Why you haven't heard about the growing deficit

Brad Close is president of the National Federation of Independent Business. The opinions expressed in this commentary are his own.

While the budget proposal released from the White House last week has led to some partisan bickering, there is at least one provision of the Trump administration’s budget proposal that already has bipartisan backing: the extension of the 2017 small business tax cuts.

In fact, there’s already a bill in Congress — called the Main Street Tax Certainty Act — that would do just that and it enjoys support from both Republicans and Democrats, with more than 50 co-sponsors. Congress should take it up as soon as possible for the sake of America’s Main Street job creators.

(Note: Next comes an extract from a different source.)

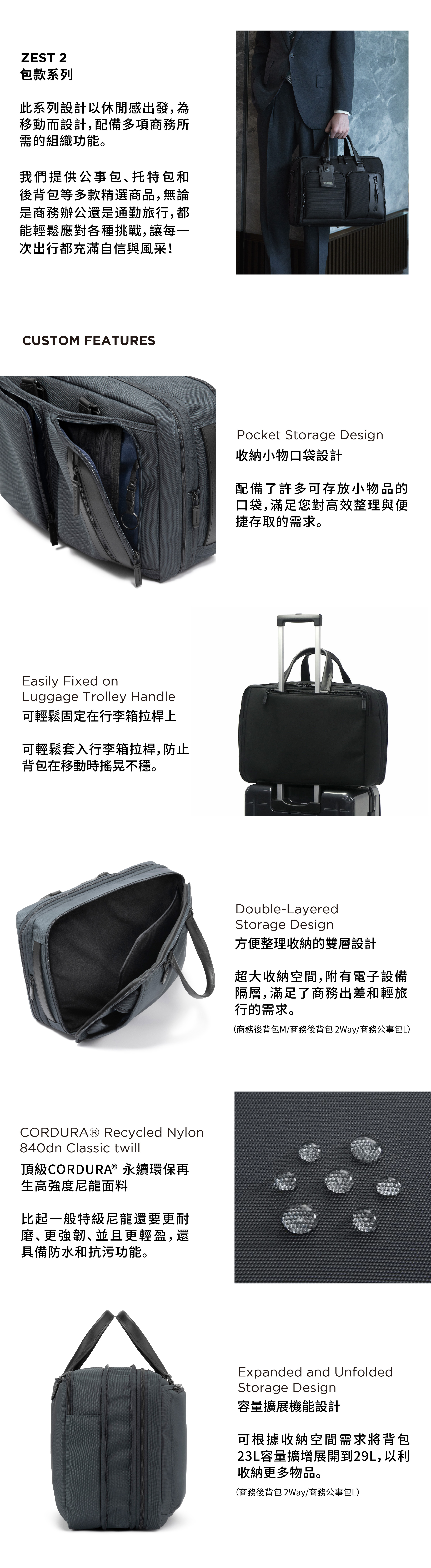 融合了休閒感的設計,配備多項商務所需的組織功能。主要採用環保再生尼龍面料,而手把等觸感部分則使用真皮處理。具備後背和手提2WAY兩種攜帶方式,匯集了忙碌生活方式所需的實用設計,輕鬆陪伴您度過每一天。
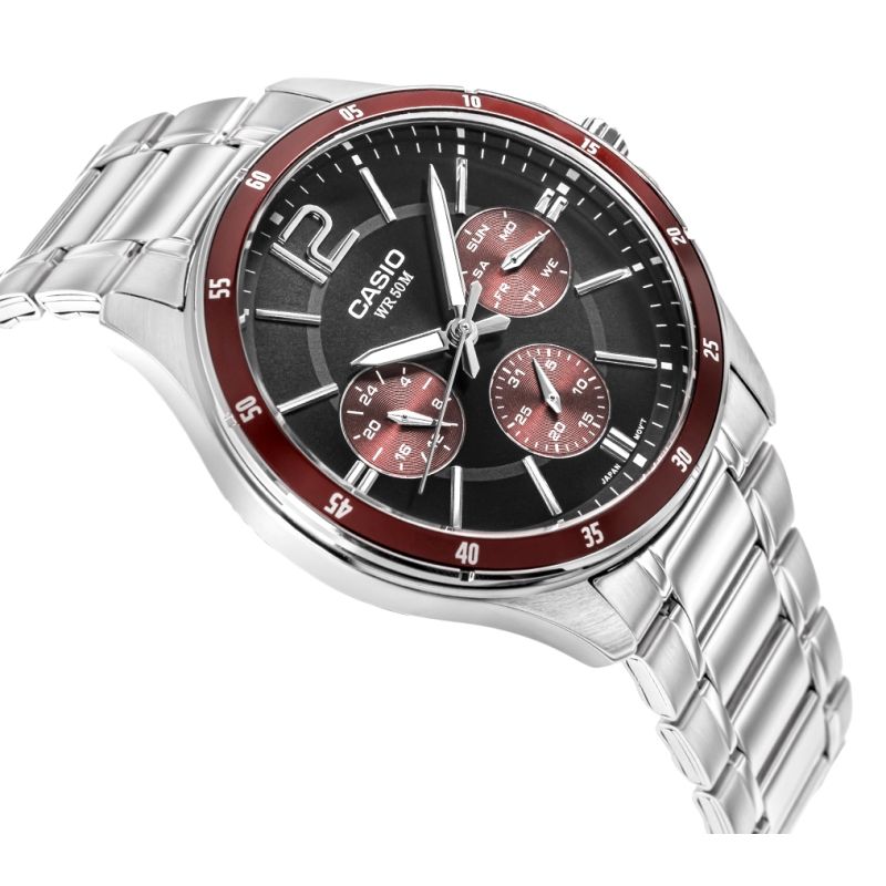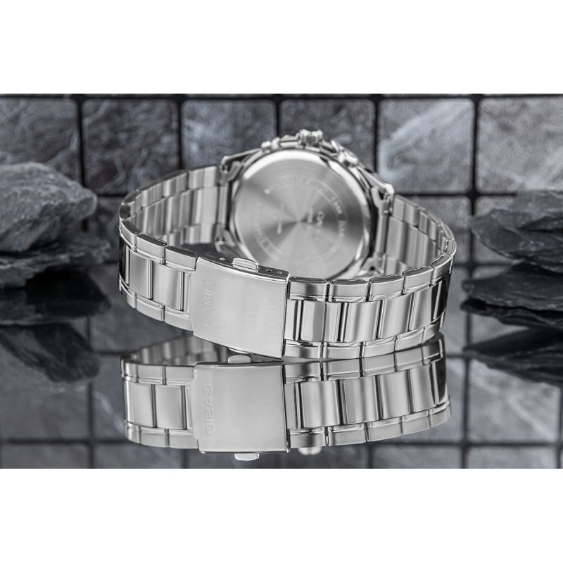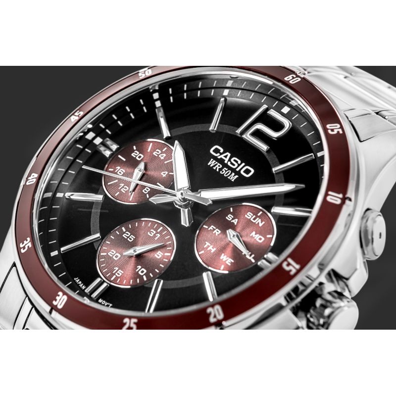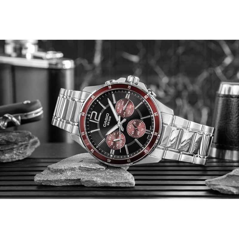 The CASIO MTP-1374D-5AVDF is more than just a watch – it's a reliable partner for the man who wants to look stylish in every situation. Its elegant design with a touch of sportiness makes it look great with both a shirt and an everyday T-shirt. The black dial with silver and red accents is eye-catching, while the ion-plated steel case and bracelet ensure durability and scratch resistance. Practical subdials – day, date, and 24-hour time – allow you to keep track of everything at a glance. The precise movement (±20 seconds/month) and water resistance to 50 meters mean you can wear it with confidence – at work, on the go, even in the rain. This is a classic metal analog watch that not only looks good but also performs when you need it.

    Surprising as it may seem, many of the provisions of the Tax Cuts and Jobs Act that lowered tax rates for small businesses were not made permanent. They are set to expire in 2025. One of the cuts these businesses especially rely on is the small business deduction, which allows most small businesses to deduct up to 20% of their taxable income.
    According to the IRS, 15.6 million small businesses claimed the critical deduction by mid-July. That number increased as small businesses that filed for extensions completed their taxes late last year. In a Gallup survey on small businesses conducted last week, the vast majority — 69% — benefitted from the small business deduction. Combined with the lower individual income tax rates, this deduction begins to put millions of small firms on a more level playing field with larger corporations.
    The result has been a Main Street renaissance. Last week, the National Federation of Independent Business released 2020’s first Small Business Optimism Index. We found that owner optimism remains near record levels, an unprecedented trend this far into an economic expansion. Two years after the tax cuts’ passage, small business job creation is surging, earnings are rising, and investment is up across the board.

    In a separate NFIB survey last year, more than 80% of small businesses told us that tax relief is helping the economy. More than a quarter of small firms have raised wages. A similar number invested in new equipment or expanded. About one-in-six hired more workers. One-fifth paid down debt, putting themselves on the path to a bigger contribution to their communities in the years ahead.
    Those are real victories for businesses and workers. But our members also tell us that they need the tax cuts made permanent, especially the small business deduction. Without it, they won’t be able to keep doing what they do best.
    The small business tax cuts are scheduled to expire in 2025. That may seem far away, but for small business owners in the back office, that’s just around the corner. Companies — especially Main Street businesses with only a handful of employees — won’t be willing to make big investments or hire new people unless they’re sure they’ll be able to afford it in the near future. They depend on certainty. Yet every year the tax cuts come closer to expiring, uncertainty grows.

      This matters for every state, city and town in America. These firms and these families need tax relief not just this year, but for years to come. If taxes suddenly spike in just a few years, millions of small businesses, communities and workers will feel the pain.
      The president’s budget proposal calls for a solution to the looming problem for small businesses, and the Main Street Tax Certainty Act is that bipartisan solution everyone should get behind. The tax cuts may not expire until 2025, but it’s not too early to extend them permanently.